Broadcast Groups Pitch Chairman On Political File Compromise
Last-ditch effort to put aggregated ad totals online instead of individual ad buys
By John Eggerton -- Broadcasting & Cable, 4/19/2012 10:45:27 AM
That is according to an ex parte filing with the commission about a series of meetings on the issue.
The proposal was pitched earlier this year by Barrington Broadcasting Co., Belo Corp, Cox Media Group, Dispatch Broadcast Group, The E.W. Scripps Company, Gannett Broadcasting, Hearst Television, Meredith Broadcasting Group, Post-Newsweek, Stations, Raycom Media and Schurz Communications, as a win-win alternative to the FCC's proposal of putting individual spot prices online, which broadcasters strongly oppose.
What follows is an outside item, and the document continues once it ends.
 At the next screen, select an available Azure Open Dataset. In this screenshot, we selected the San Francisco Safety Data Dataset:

Attorney Jonathan Blake, representing the broadcasters, told the commission other broadcast groups had signaled they would be willing to support the compromise proposal.
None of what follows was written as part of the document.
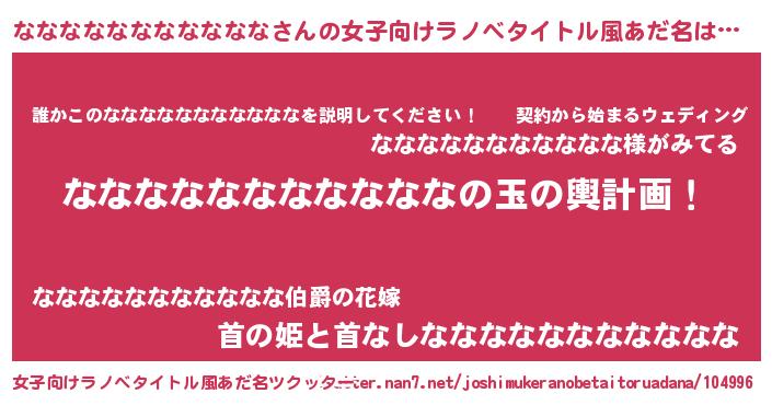 | 胡散臭い通販商品みたいなあだ名 | 『億万長者になれるブレスレット…その名も「ななななななななななな」』 |

Broadcasters argue that political ad buyers who want to make sure they are getting the lowest unit rate can get spot information in local files, and that to put them online "immediately and worldwide" would have anticompetitive and disruptive effects. Broadcasters are concerned about giving up sensitive pricing information in such a manner when their is not similar obligation for tis cable and satellite and Internet and print competition for political ads in the online political posting portion of the disclosure item teed up for an April 27 vote by the commission.
"Posting commercially sensitive rate information online, and making it instantly and easily available to advertisers and to other stations, would affect the broadcast advertising marketplace," said Belo President Dunia Shive.
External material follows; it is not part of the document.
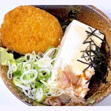 京急ロイヤルフーズ株式会社が運営する立ち食い饂飩(うどん)と蕎麦(そば)の店、えきめんやの期間限定メニュー、豆腐一丁そばにコロッケ乗せ。 豆腐一丁分の絹ごし豆腐、葱、鰹節、海苔、揚げ玉を乗せた蕎麦。饂飩か蕎麦から選ぶ事が出来る。蕎麦気分やったんでこちらにした。コロッケは別途購入して蕎麦にトッピングした。 豆腐がとにかく大きい事に驚いた。でも、好きやし沢山食べられるのが良かった。 雨で電車で通勤途中、折角京急川崎駅の改札内に入ったからたまには食べたくて乗る前に寄った。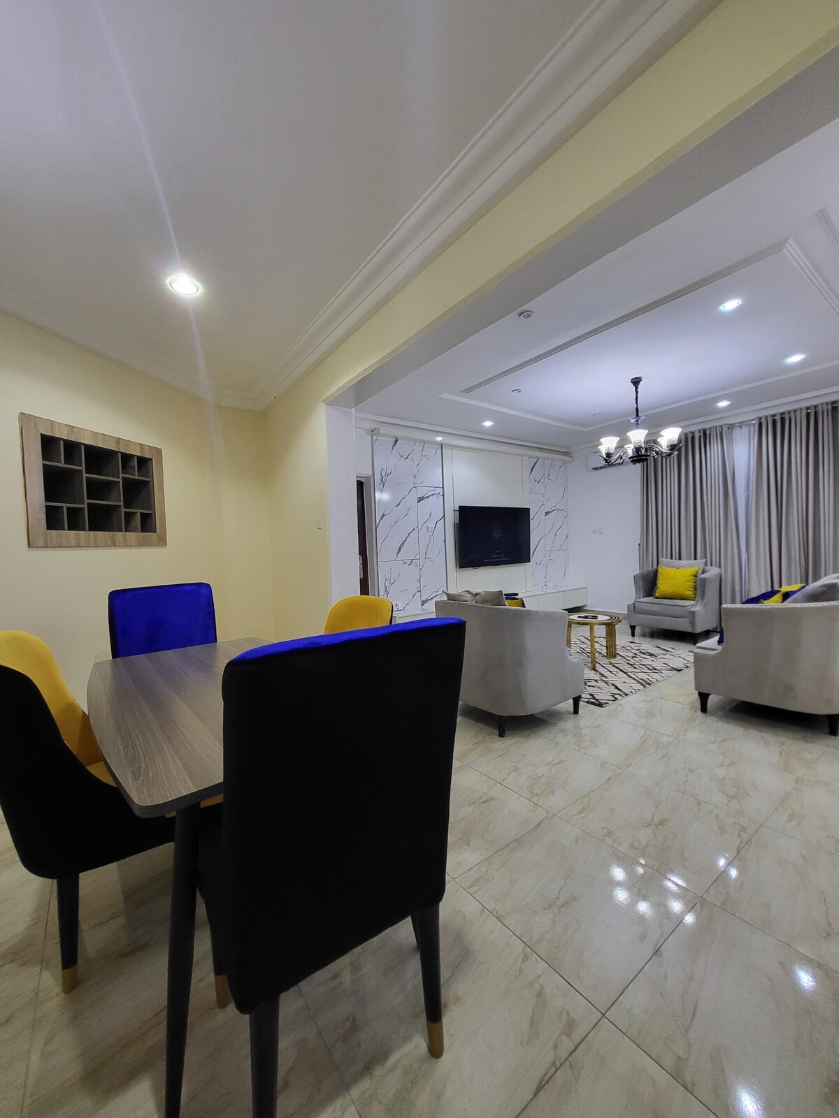 코드가 있는 문 전용 발코니 세탁기 침실 3개가 있는 아늑한 공간 에어컨 5개 전용 업무 공간 가구가 완비된 거실 주방 시설 완비 화장실 4개 및 욕실 3개 스타링크 & 광섬유 와이파이 연중무휴 조명 (태양광 | 인버터 | 세대) 전력망이 없는 경우: 발전기: 오전 6시~오전 8시, 오후 6시~오전 12시, 인버터는 항상 켜져 있음. 시장, 나이트클럽, 레스토랑, 상점과의 근접성 깨끗하고 깨끗한 침구와 수건 고요하고 안전하며 아름다운 동네 85인치, 65인치, 50인치, 50인치 스마트 TV(프라임, 넷플릭스)

In a separate meeting, Scripps President Richard Boehne told Genachowski that putting political files on line would definitely disadvantage broadcasters versus their competitors in the market.
Blake also argued that an aggregate total for candidates would be more useful to journalists and scholars than individual prices.
The broadcast groups, as part of their compromise proposal, have also agreed to put non-candidate political spot aggregate spending info online as well, which they point out goes beyond what the FCC was proposing.
Among the online disclosure modifications broadcasters have already agreed to make to their proposal in response to the FCC are including the name of the candidate, office they are running for and name of media buyer and the above-mentioned posting of non-candidate issue ads.
The FCC is proposing initially to apply the political and other public file online reporting requirements only to network affiliates in the top markets, about 200 stations, as a way to phase in the requirement, with the rest of the stations having to follow suit after two years. It is also proposing to allow stations to send the FCC PDFs and put the onus on the commission to post them online.